A+ - Everyone is expected to know this material in IT
MCSA/MCTS 70-680 - Windows 7 exam from Microsoft is the basis for further Windows 7 exams, harder exam than A+
Microsoft Office MOS - It is expected to know this suite but if you don't have MOS cert as long as you know Office you should be fine
ITIL - Know the foundation of this and get the cert

CCENT - Dont bother get CCNA or at least Network+
IC3 - Dont bother

Entry/Mid
Linux+ - Even if you will not use Linux/Unix everyday know it
Network+ - If you are getting CCNA/CCNP dont bother for the exam but know the material
Security+ - Get it period

Mid/advanced
CCNA - get it asap!
MCITP - Server stuff like administration, infrastructure, active directory
VCP - VMware cert nice


Pro
CCNP - get the cert and the money and the respect
MCITP - Enterprise side nice
CCDP/CCDA - design pro!
CISSP - you will boss everyone around!
PMP - BOSS


I will also note that even with a pro certificate you will STILL NEED a bachelors degree to get into heavy organizations that demand everything because they pay extremely well. Some companies will not even consider you if you don't have at least an associates and CCNP or Bachelors and CCNA for Cisco networking.

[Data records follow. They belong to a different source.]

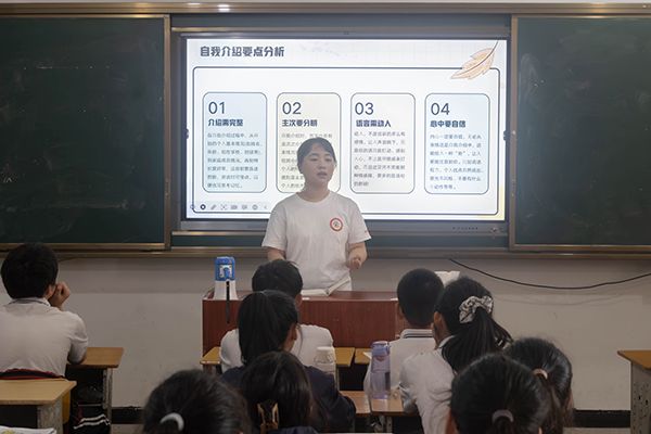 此次课程以课堂展示的形式展开,鼓励同学们走上讲台,进行自我介绍。通过趣味情景模拟拉进了老师与学生的距离。在易烨的鼓励下,多名同学进行了自我介绍和交流互动。通过激发学生对口语表达的热情,有助于孩子们增强自信心、在生活中勇于表达自己。
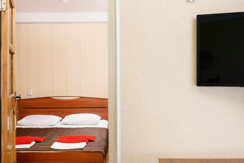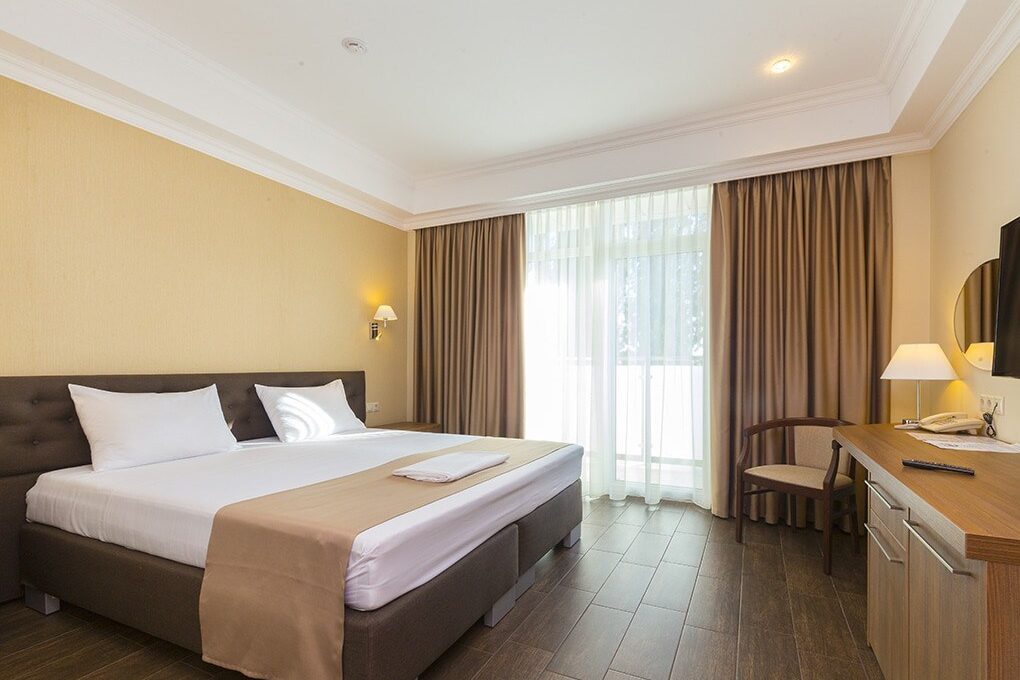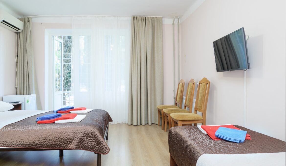 - 2-местный 1-комнатный Стандарт. Площадь: 14 кв.м. В номере: две односпальные кровати или одна двуспальная кровать, кондиционер, телевизор, холодильник, чайник с набором посуды, санузел с душем, фен. Балкон с видом на парковую зону. Дополнительное место - еврораскладушка.
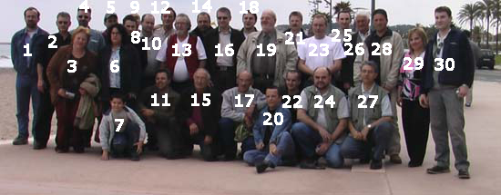 01 14SD051 Chris 02 30SD992 Pedro 03 30SD992 XYL 04 14IR206 Florent 05 14IR707 Willy 06 30DX083 XYL 07 30DX083 Jr. 08 14AT449 Greg 09 30IR012 Jordi 10 30DX083 Francisco 11 30IR262 Joan 12 30IR069 Miquel 13 30AN104 Antonio 14 30IR030 Ton 15 30SD093 Jaume 16 21AT116 Chris 17 14AT716 Alain 18 13DX028 Niko 19 47DX052 Tom 20 14WA055 Patrick (now 14DX055) 21 47DX002 Soren 22 14DX461 Ludo 23 47DX101 John 24 30AT227 Ramon 25 14DX007 Vincent 26 30DX016 Rafael 27 30SD331 Alvaro 28 30AT338 Antonio 29 30AT870 Rosa Mari 30 30DX401 Christian Not present at picture: - 30DX401 father - 1AT070 Simon - 1AT960 Paolo - 239AT101 Luca (1AT976) - 30DX601 Jordi - 30DX012 Xavier - 30AT018 Alfonso (R.I.P) - 30AT070 Alfonso Jr. |

If you know networking and someones knows that as well plus a bit of security they will get the job not you. You don't have to have a CISSP but if you have sec+ that is better than no security at all. If you someone knows networking/security and another knows network/security/ AND server side stuff they will get that job.

Network stuff - CCNA/CCDA/CCNP etc
Server - MCITP Server stuff or at least server+
Security - Sec+ ccna security cissp ceh

100k salary if you know all 3.

Hope this helps people out that are looking for work. Maybe some old timers can share their knowledge as well.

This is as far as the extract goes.